Land clearance continued in the 1920s, after the boll weevil drove cotton growers and sharecroppers north out of Arkansas into Missouri's newly drained lands. The population boomed as southeast Missouri became cotton country. Sawmills whirred along railroad lines. Some timber remained in the Bootheel in 1930, but lumber companies cut it at a rate of 12 to 15 million board feet per year.

Manufacturers used cypress wood for fence posts, coffins, docks, poles, railroad ties and boxes. Because of its water-resistance, builders used it for exterior siding. According to St. Louis architect Jack Luer, "In the early twentieth century, cypress also became popular for interior trim."

The Great Depression of the 1930s did not stop land clearing in the Bootheel. At least one Mississippi County cotton farmer, Thad Snow, had to cut more trees as he struggled to hold onto his land. His daughter, Fannie Delaney, recalled in an interview that he had to cut and sell a lot of cypress during hard times. "It really hurt him to do it. But he needed to pay bills. He was just trying to make it."
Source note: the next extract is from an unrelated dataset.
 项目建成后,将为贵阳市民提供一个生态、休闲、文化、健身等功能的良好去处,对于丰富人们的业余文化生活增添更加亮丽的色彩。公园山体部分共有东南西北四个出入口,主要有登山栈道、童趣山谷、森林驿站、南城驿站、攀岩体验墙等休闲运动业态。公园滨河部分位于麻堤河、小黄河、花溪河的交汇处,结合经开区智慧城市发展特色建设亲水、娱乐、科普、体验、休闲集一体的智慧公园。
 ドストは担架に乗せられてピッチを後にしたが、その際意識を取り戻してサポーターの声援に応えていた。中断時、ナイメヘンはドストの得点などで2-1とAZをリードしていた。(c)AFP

In the 1950s, Snow retired to the Rose Cliff Hotel in Van Buren, where he worked on a book about his life in "Swampeast Missouri." His book, From Missouri, vividly described environmental and social changes in the Bootheel in the first half of the twentieth century.
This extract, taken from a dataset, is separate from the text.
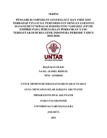 Kata Kunci: Tata kelola perusahaan, kepemilikan institusional, ukuran perusahaan, kepemilikan manajerial, kinerja keuangan, manajemen laba, bank, profitabilitas, return on assets, struktur kepemilikan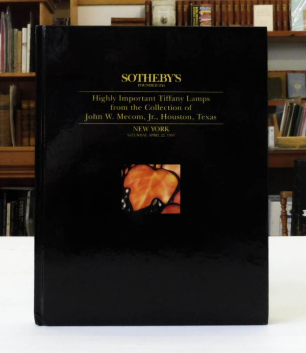 Highly Important Tiffany Lamps from the Collection of John W. Mecom, Jr., Houston, Texas. Published by Sotheby’s, New York,. Size: 8.5 “x 11”. This a sale catalog for an auction held at Sotheby’s New York on April 22, 1995. Sale code: 6691 “MECOM”. 75 lots in the sale are illustrated in color. There is a tiny dent to back board; otherwise book and dust jacket are pristine. 001899 $60

One of Snow's closest friends, George Burrows, of Van Buren, reflected that Snow had many second thoughts about those changes. "He wished that land had never been cleared," Burrows said.

A short stretch of county road in Mississippi County offers a hint of what the Bootheel was like before the turn of the century. Along route AB, on the south side of Big Lake, cypress trees tower above thick forest growth. Occasional breaks in the foliage afford glimpses of still water, mottled by shadows and brimming with life.

Remnants of the old wilderness swamps and bayous survive in protected areas like Big Oak Tree State Park near East Prairie and Mingo National Wildlife Refuge near Puxico. But there is little virgin cypress left in Missouri. Some trees, planted after the great lumber boom, have reached the size of old growth. But nearly all the land in the Bootheel was logged at one time.

Houck, who tirelessly promoted economic development in the Bootheel, expressed some regret later in his life, when he published his History of Missouri (1908). For readers who would never see the land in this pristine condition, he wrote, "Missouri is a land of beauty now, but in a state of nature, before touched, and too often defaced, by the work of man, Missouri was a terrestrial paradise (Vol. 1, p. 31)."

In that paradise, cypress trees were abundant.

Cypress trees now grow in fencerows and along the edges of sloughs and drainage ditches. People plant them as ornamentals in their yards. But the time when Louis Houck could rest "on a hillside on the left of where Dexter now stands, looking over a vast forest of timber on all sides, greatly impressed" is past.